* [RECORDS TO PROCESS]:
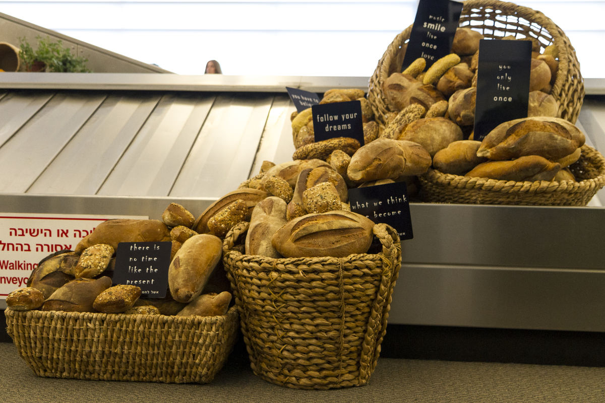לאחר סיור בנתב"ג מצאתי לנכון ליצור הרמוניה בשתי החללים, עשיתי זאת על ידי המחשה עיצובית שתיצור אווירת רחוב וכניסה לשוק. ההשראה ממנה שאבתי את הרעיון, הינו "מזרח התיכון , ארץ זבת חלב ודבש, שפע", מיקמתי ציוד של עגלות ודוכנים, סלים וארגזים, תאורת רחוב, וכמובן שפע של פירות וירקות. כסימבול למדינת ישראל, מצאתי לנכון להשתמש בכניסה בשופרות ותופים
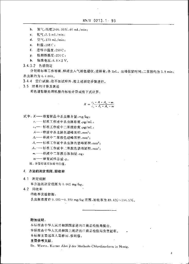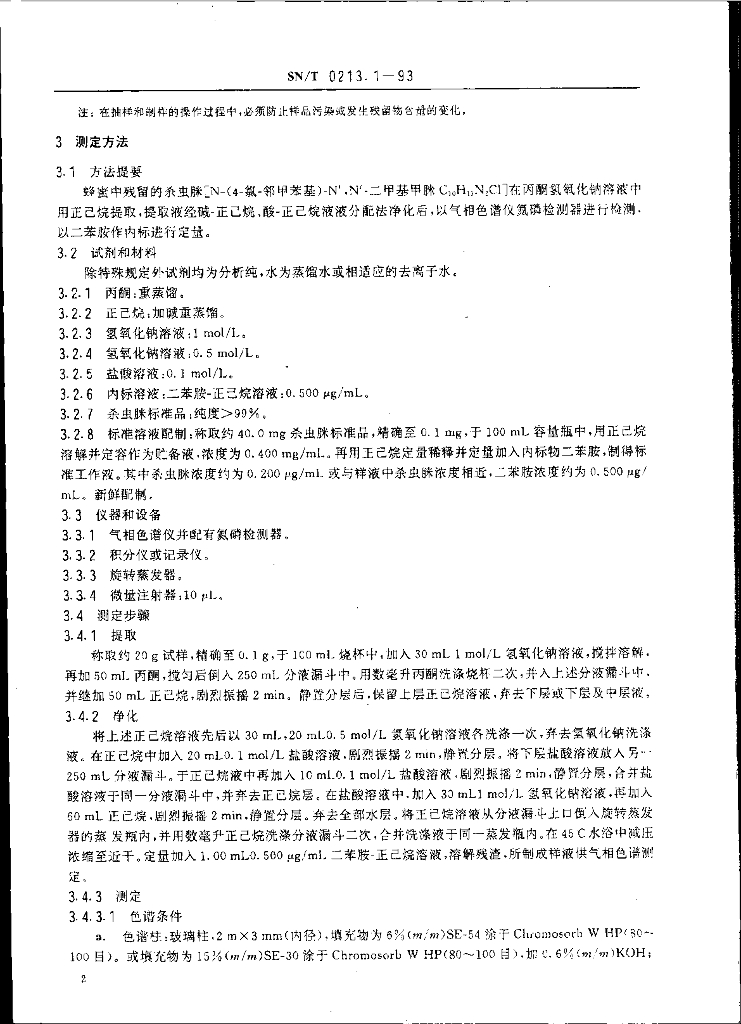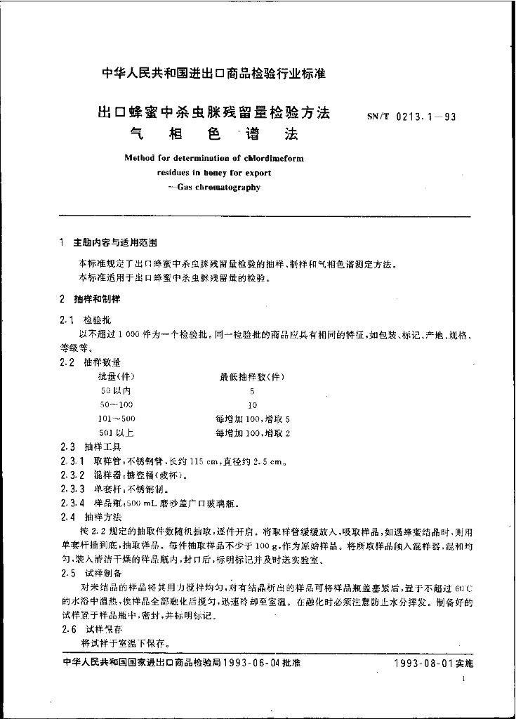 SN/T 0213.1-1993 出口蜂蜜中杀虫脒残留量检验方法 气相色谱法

==

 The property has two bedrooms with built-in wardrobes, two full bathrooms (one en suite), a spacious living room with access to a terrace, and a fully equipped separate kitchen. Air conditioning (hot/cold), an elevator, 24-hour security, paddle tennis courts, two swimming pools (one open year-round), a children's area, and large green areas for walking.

* [THE PROBLEM]: In the listing above, find the line with "בכניסה בשופרות ותופים" and the line with "SN/T 0213.1-1993 出口蜂蜜中杀虫脒残留量检验方法 气相色谱法". Copy exactly those lines and all between them, minus the images.

* [SOLUTION TO THIS PROBLEM]:
לאחר סיור בנתב"ג מצאתי לנכון ליצור הרמוניה בשתי החללים, עשיתי זאת על ידי המחשה עיצובית שתיצור אווירת רחוב וכניסה לשוק. ההשראה ממנה שאבתי את הרעיון, הינו "מזרח התיכון , ארץ זבת חלב ודבש, שפע", מיקמתי ציוד של עגלות ודוכנים, סלים וארגזים, תאורת רחוב, וכמובן שפע של פירות וירקות. כסימבול למדינת ישראל, מצאתי לנכון להשתמש בכניסה בשופרות ותופים
 SN/T 0213.1-1993 出口蜂蜜中杀虫脒残留量检验方法 气相色谱法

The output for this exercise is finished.